Oxford Drama is a Polish experimental-pop band from Wrocław, formed in 2014. Big-time fans of Kevin Parker, Graham Coxon, and Brian Wilson, Gosia Dryjanska & Marcin Mrowka have crafted a sound that is a mix of indie-pop guitar, soft electro, and thoughtful lyrics.
CVLT: Hello! Can you offer some insights into the origins of the project?
Gosia: Marcin and I met over nine years ago during a high-school English contest and, because we were the only two nerds talking about music in our speeches, we felt we might have a lot in common. It took Marcin about two years of persuading me into forming a band, as both of us played instruments and we had almost the exact library on our iPods. I finally agreed and out of boredom during a university break we started making music and here we are.
Given the state of mainstream culture that permeates how we consume media, how would you introduce your activity to a stranger?
We are a band formed by socially awkward people who at the same time are aware that they have to be visible in your Internet feed but don’t really want to be too intrusive about it, so once in a while, we will inform you about some things that are going on in our lives as a band, and it’s mostly only music-oriented content. We’re just two music nerds!
Sometimes we kind of feel like old souls. We’re a live band that still drags loads of gear with them when we could computerize more parts, but that’s what feels right for us.
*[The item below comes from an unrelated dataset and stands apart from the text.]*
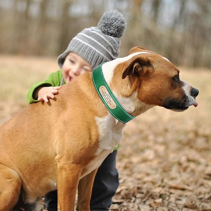 Didog Genuine Leather Dog Collars with Engraved Nameplate, Personalized Soft Leather Dog Collar with Custom ID Tag, Brown/Green/Red for Small Dogs (M,Green)

Take me through your sound design process. Is this a quick process, or something you might obsess over and re-visit?
We love details and are perfectionists, and with ‘What’s The Deal With Time?’ for the first time we took our time and didn’t hurry to finish the album. The composition process was extremely quick and creative and after a couple of months we had a finished record from a composition point of view, and then the honeymoon ended. The production process was definitely less sexy. We needed a lot of months to feel that the record doesn’t have elements that are useless and after over a month after the release, we are still happy that we didn’t rush it and we wouldn’t change a thing. We’re really proud of this one.
What are your core motivations for music-making, and have they changed over the years as you’ve become more visible?
We’ve started the band from our deep love for music and out of being grateful for how it changed us as people, how it took care of us, made us comfortable with our sensitivity, and the way we perceive the world. I would say that our core motivations didn’t really change, we just got more aware of them. We formed Oxford Drama because we were curious what both of our brains can create together. And to be completely honest, even if in some time there won’t be that much interest in Oxford Drama, we are sure that we will still continue making music in our home studio. Playing the instruments just for pure fun or to get the emotions out, listening to music, reading about it – these are the activities that we love and nothing compares to them.
When you are not busy creating, which other artists do you follow or listen to?
It constantly changes. We have certain bands that we revisit once in a while and can still find new elements in their compositions, like Radiohead or Grizzly Bear, and then there are bands or musicians that appear because of a new release or a new found love or a forgotten one, like Fleet Foxes, The Blue Nile or Beck, and we just simply cannot stop listening to them.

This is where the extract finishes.